***** Dataset

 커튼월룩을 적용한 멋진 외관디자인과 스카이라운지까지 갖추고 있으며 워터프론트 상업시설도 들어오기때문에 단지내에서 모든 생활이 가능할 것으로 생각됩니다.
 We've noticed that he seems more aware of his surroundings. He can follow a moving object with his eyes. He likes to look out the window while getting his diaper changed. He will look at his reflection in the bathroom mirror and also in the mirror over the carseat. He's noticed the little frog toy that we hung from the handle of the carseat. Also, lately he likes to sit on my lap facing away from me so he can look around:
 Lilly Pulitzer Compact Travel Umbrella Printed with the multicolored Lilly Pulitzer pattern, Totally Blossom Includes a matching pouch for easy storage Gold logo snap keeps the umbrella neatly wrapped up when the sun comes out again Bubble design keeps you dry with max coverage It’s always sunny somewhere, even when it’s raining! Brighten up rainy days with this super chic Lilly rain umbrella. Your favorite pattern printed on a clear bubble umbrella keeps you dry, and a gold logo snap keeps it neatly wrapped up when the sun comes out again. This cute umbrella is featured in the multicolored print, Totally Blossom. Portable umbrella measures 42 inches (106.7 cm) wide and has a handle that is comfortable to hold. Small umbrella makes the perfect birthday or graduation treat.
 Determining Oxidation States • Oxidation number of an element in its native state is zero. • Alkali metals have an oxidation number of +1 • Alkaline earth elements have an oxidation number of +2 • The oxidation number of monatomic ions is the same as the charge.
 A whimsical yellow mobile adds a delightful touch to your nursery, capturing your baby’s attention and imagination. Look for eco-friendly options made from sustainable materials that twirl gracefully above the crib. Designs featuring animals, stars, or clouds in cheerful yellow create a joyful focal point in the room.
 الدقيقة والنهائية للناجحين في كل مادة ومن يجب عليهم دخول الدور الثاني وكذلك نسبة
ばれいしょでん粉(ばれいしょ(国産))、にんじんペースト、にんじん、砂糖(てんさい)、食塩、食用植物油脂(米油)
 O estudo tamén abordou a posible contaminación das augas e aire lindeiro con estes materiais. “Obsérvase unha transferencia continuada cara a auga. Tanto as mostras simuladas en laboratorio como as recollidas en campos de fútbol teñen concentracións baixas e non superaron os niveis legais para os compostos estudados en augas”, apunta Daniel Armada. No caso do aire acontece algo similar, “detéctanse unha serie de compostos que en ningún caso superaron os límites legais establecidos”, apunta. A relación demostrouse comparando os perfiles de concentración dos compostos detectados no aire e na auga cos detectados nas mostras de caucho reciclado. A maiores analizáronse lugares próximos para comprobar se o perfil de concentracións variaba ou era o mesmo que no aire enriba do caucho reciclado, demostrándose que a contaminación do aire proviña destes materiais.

**********
***** Dataset

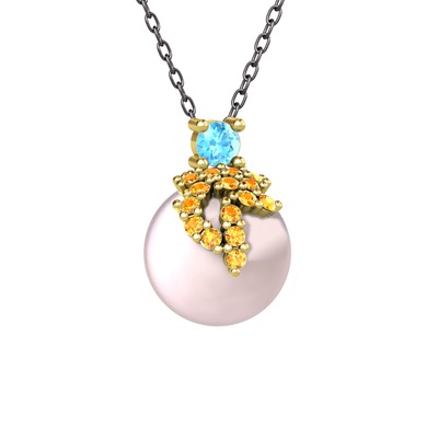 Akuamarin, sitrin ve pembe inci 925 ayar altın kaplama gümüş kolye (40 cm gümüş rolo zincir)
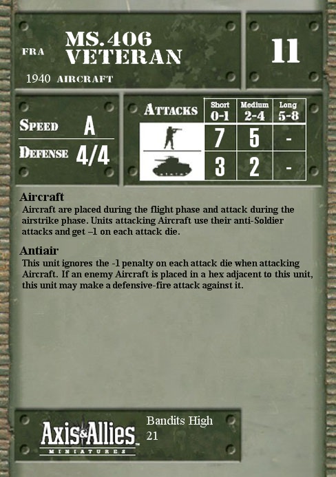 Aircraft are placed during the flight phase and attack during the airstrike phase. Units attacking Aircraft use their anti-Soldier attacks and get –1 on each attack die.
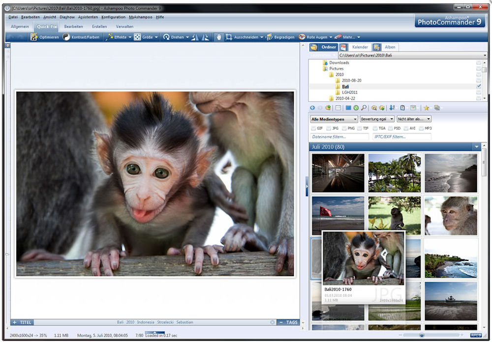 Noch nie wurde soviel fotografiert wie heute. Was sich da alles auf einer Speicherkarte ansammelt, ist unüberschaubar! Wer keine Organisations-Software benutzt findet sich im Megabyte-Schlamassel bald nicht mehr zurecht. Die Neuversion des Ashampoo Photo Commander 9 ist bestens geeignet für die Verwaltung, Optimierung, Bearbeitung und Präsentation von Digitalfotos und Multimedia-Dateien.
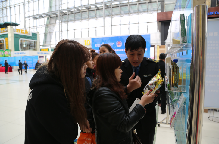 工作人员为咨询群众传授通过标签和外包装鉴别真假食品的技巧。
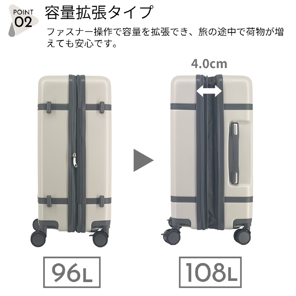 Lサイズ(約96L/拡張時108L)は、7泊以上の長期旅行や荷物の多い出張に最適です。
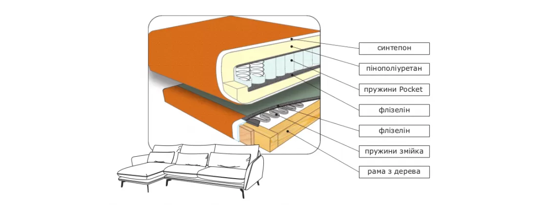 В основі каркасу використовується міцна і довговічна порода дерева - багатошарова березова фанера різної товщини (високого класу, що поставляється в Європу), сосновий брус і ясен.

**********

→ **Task objective**: Copy the lines of the data above exactly as written, beginning with the line containing "الدقيقة والنهائية للناجحين" and ending with the line containing "O estudo tamén", and leave out all other lines.

→ **Task solution**:
 الدقيقة والنهائية للناجحين في كل مادة ومن يجب عليهم دخول الدور الثاني وكذلك نسبة
ばれいしょでん粉(ばれいしょ(国産))、にんじんペースト、にんじん、砂糖(てんさい)、食塩、食用植物油脂(米油)
 O estudo tamén abordou a posible contaminación das augas e aire lindeiro con estes materiais. “Obsérvase unha transferencia continuada cara a auga. Tanto as mostras simuladas en laboratorio como as recollidas en campos de fútbol teñen concentracións baixas e non superaron os niveis legais para os compostos estudados en augas”, apunta Daniel Armada. No caso do aire acontece algo similar, “detéctanse unha serie de compostos que en ningún caso superaron os límites legais establecidos”, apunta. A relación demostrouse comparando os perfiles de concentración dos compostos detectados no aire e na auga cos detectados nas mostras de caucho reciclado. A maiores analizáronse lugares próximos para comprobar se o perfil de concentracións variaba ou era o mesmo que no aire enriba do caucho reciclado, demostrándose que a contaminación do aire proviña destes materiais.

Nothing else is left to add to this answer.